At long last, I'm getting to read things that aren't for the Notable Books Council, and this was the first one of the books I went back to on my stack. In it, we get back to the main thread of Omens, which I felt was somewhat dropped in Visions, Olivia/Eden's quest to determine the truth of whether or not her birth parents were serial killers. In the first volume, they were cleared of killing one couple, but that still leaves three others. Olivia (we'll stick with that for the rest of the review because it's the name she prefers) also struggles to balance her relationship with her MBA student/biker boyfriend, Ricky, and her complicated friendship with Gabriel, her lawyer, her employer, and your basic broody Gothic hero as she learns more about her otherworldly heritage.

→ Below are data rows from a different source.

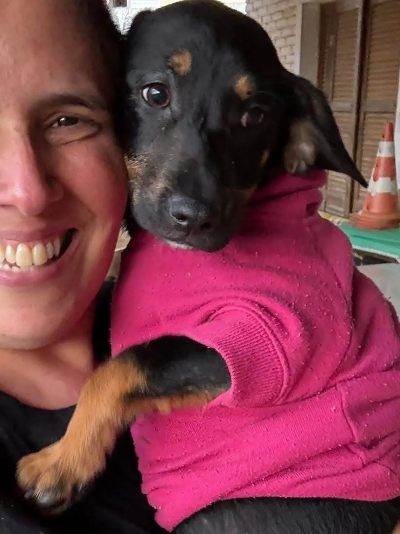 Zoe continua aqui esperando uma super família??Ela é porte pequeno para médio, já está com 6 meses de idade, filhote da Nicole, que é pequena.Vacinas em andamento, castração obrigatória após vacinas.Super meiga, doce, meio medrosa, boazinha!!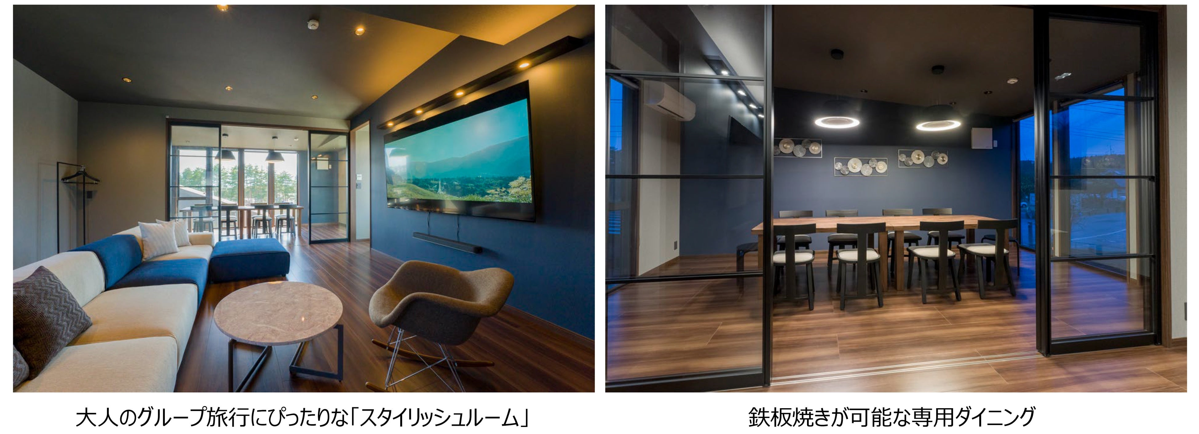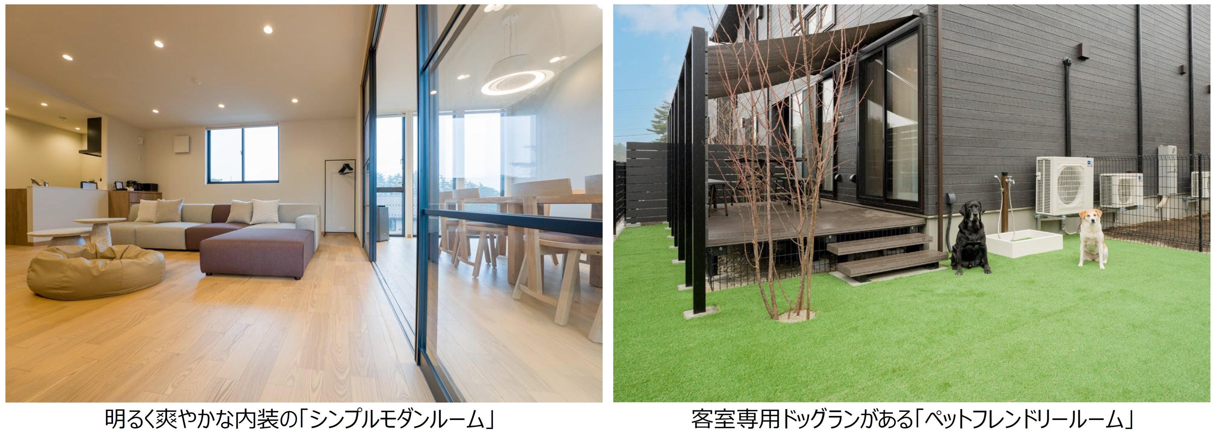 すべての客室に、ジャグジー機能付きの石張りの浴室や鉄板焼きが可能な専用ダイニング、約100インチ大画面ホームプロジェクターの設置に加え、家電や調理器具を備えるなど、長期の滞在でも快適に過ごせる設備が充実。客室タイプは、豊かな自然と調和した落ち着いた雰囲気の「スタイリッシュルーム」、明るく温かみのある雰囲気の「シンプルモダンルーム」、キッズ・ベビー用品を設置したカジュアルで明るい雰囲気の「ファミリールーム」の3つのタイプから目的や好みに応じた選択が可能です。また、大切なペットと一緒に宿泊できる「ペットフレンドリールーム」など、コンセプトを設けた客室もあり、特別な宿泊体験を彩ります。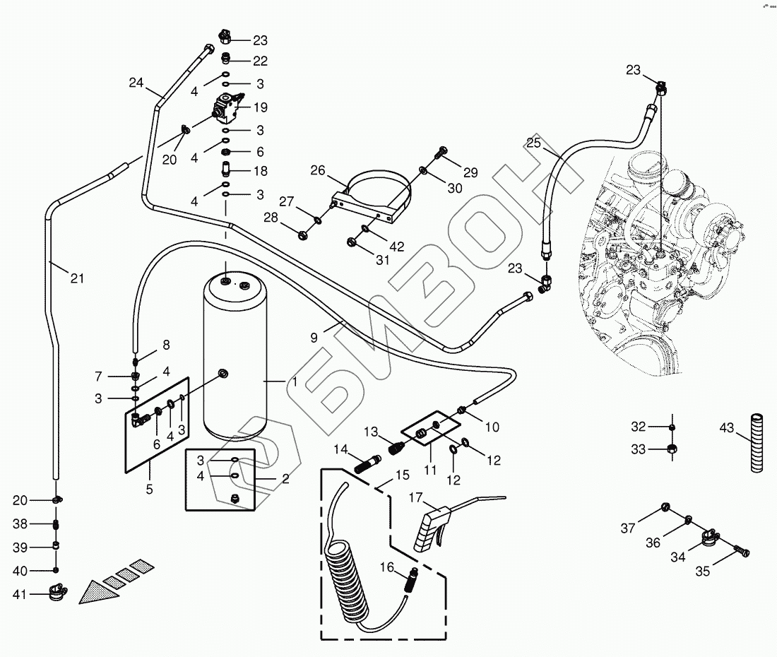 Графический каталог запасных частей к технике: KRONE BIG-X-600. Air pressure-Blow-out gun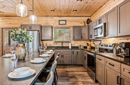 Woodland Splash is a BRAND NEW cabin located just a short drive to all the entertainment the area has to offer. Featuring 3 King Bedrooms (2 of which are Master Suites), bunk room (2 Kings, 2 Twins), 2 large decks with Hot Tub, fun game room and the indoor heated saltwater pool there is plenty of fun and space for everyone.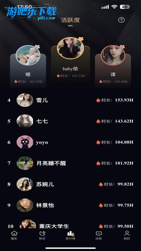 平台中可以获取活跃度排行榜信息,以便用户结合排行榜查找活跃的用户;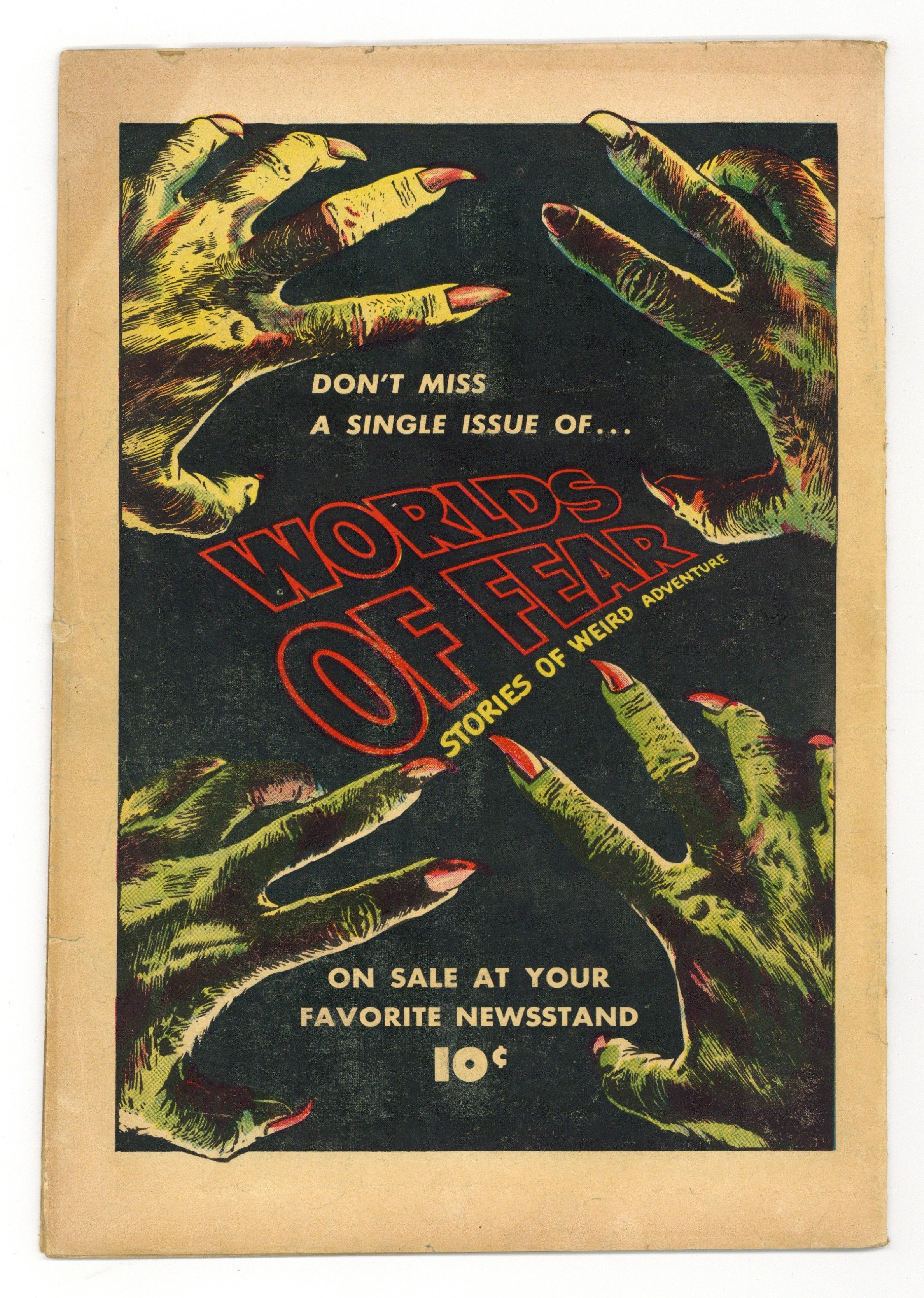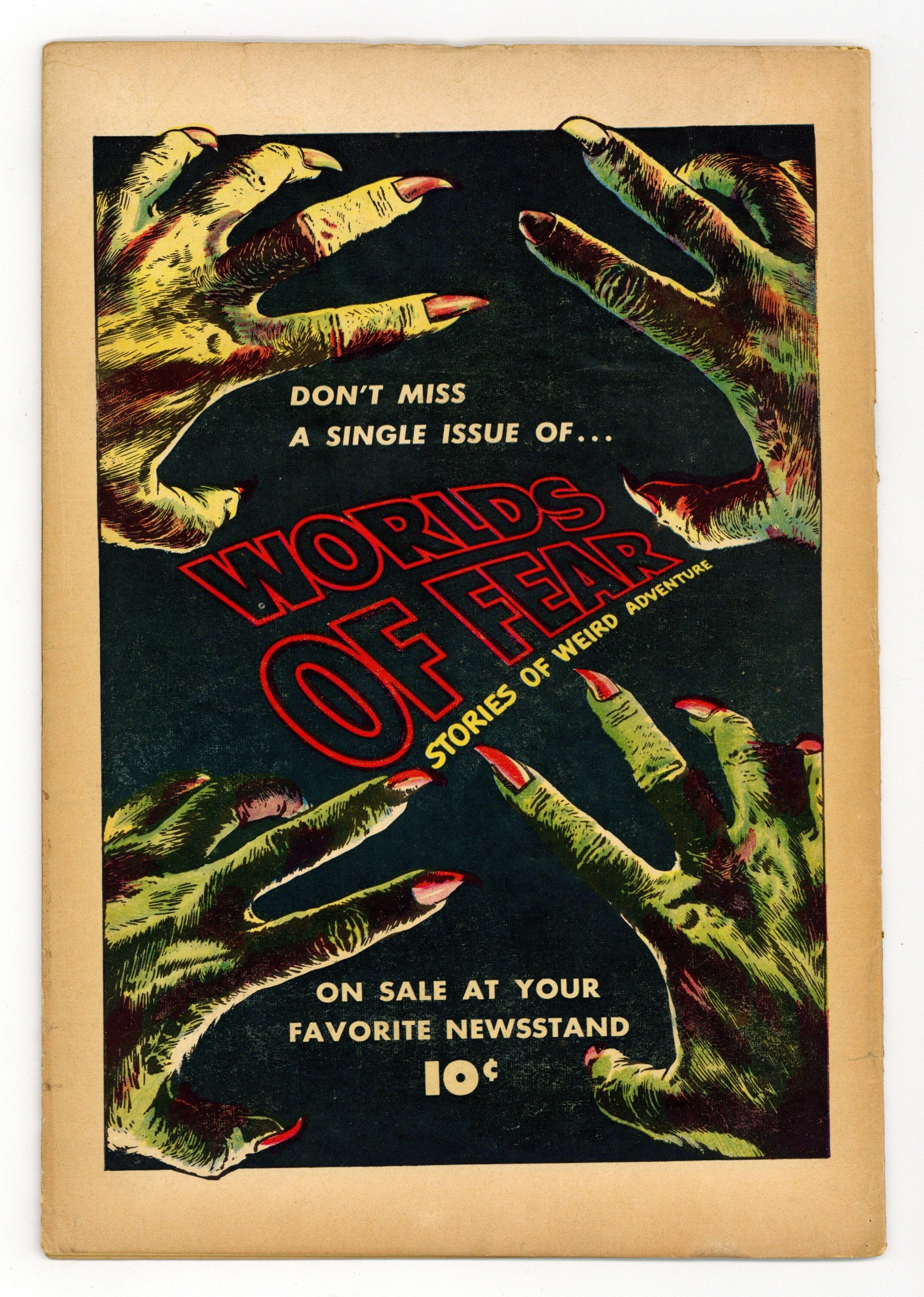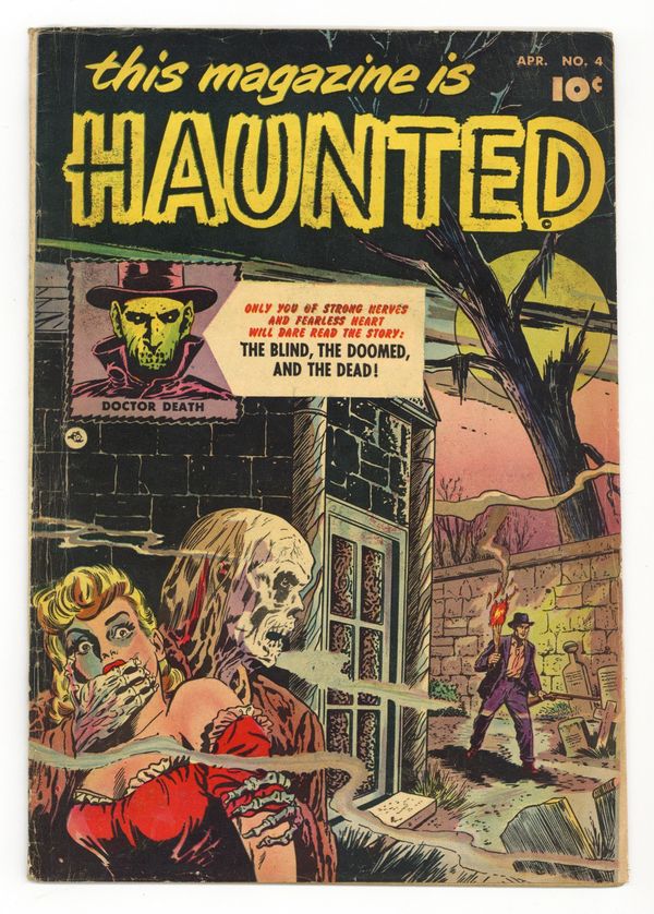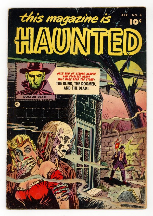 Edited by Will Lieberson, Roy Ald and Al Jetter. Cover by Shelly Moldoff. Stories by unknown. Art by Bernard Baily, Bob Powell and unknown. Only you of strong nerves and fearless heart will dare read this issue! Horror tales that are so scary they could only lead you to believe that This Magazine is Haunted! In this issue: Justin Westrum murders his business partner Mack and disposes of his body in a nearby lake. But he is haunted by Mack's curse who swore to "keep an eye" on him. Becoming more and more paranoid, Westrum goes too far in his attempts to cover his tracks in "The Constant Eye" with art by Bernard Baily. Plus: Attending a seance, Warren Travers' soul is pulled out of his body and wanders the realms of the beyond. Meanwhile, an otherworldly creatures inhabits his body and tries to build a machine that will call all the lost souls into this world in "Seance of Terror!" And: A carnival owner tries to buy out the proprietor of the wax museum. When the latter refuses, he is killed, but returns to drag his murderer before a ghostly tribunal. The sentence is death in "The Blind, the Doomed -- and the Dead!" with pencils by Bob Powell. Also: 2-page text story "Revenge in the Clouds" written by Daniel Sheldon, and an ad for Worlds of Fear. 36 Pages, Full Color. Cover price $0.10.
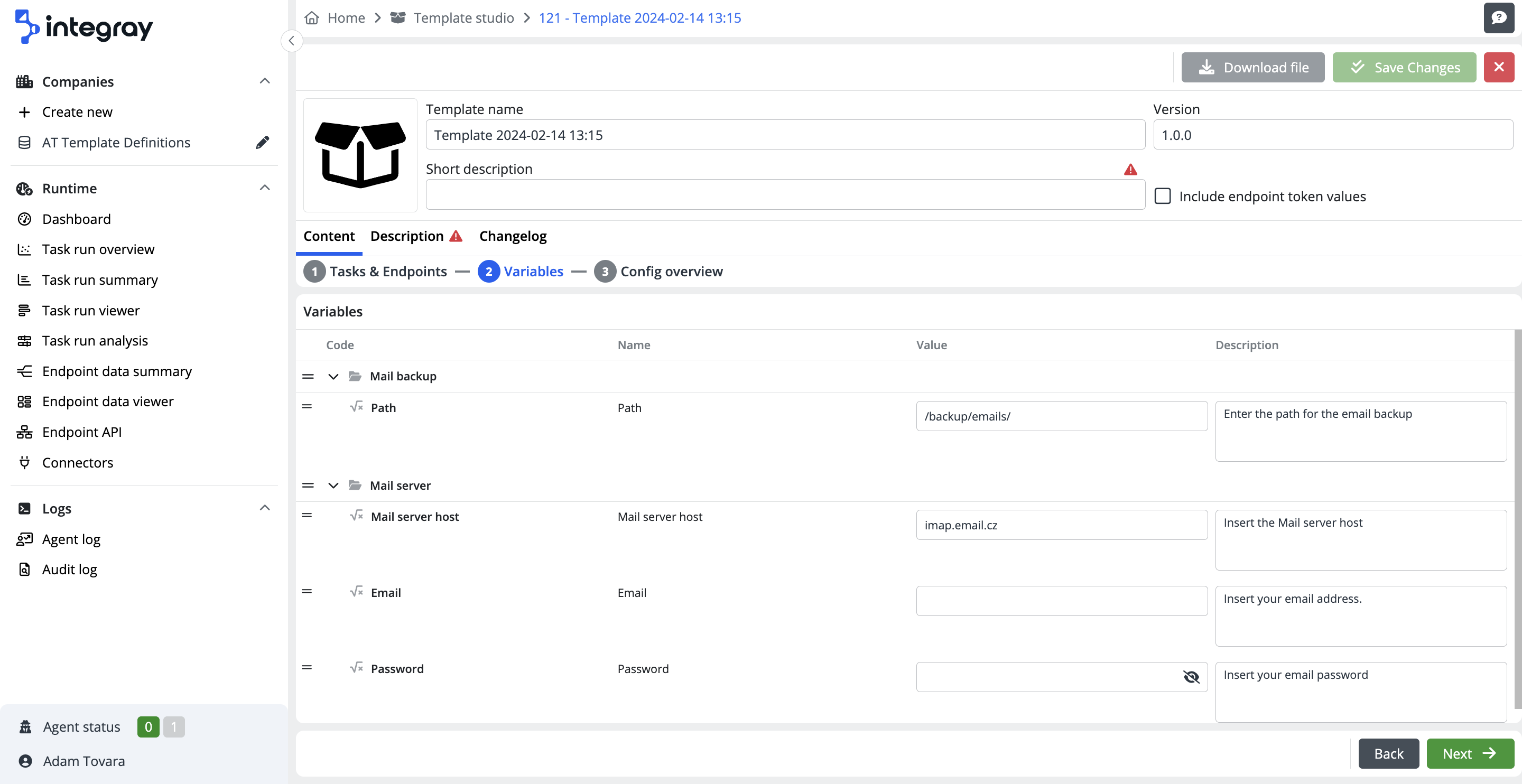 Once you've selected the necessary Tasks and Endpoints, use the Next button in the bottom right corner to move to the Variables tab to the next phase of defining your template, which focuses on Variables. If your integration includes Variables, their list will be displayed here. This list provides details such as the variable's Code, Name, Value, and Description. These details can either be retained in their initially loaded state or modified to suit the specific requirements of your template creation. When applying the template you've created, users will be prompted to fill in, adjust, or maintain the values in these variables according to their specific needs.

There's something compelling here, both in the murder investigation plot and in the characters, particularly Gabriel, as annoying as he is. Which is incredibly annoying, and yet for some reason I am still completely on Team Gabriel(TM) in spite of the fact that there is a part of my brain that is so, so sick of damaged broody men who can't let themselves get too close to people or really even acknowledge that they want to when it's incredibly obvious that they do. It's probably a Rochester thing, a friends-to-lovers thing, or a combination of the two. I love the archetype and yet I also really hate how much of the archetype he is.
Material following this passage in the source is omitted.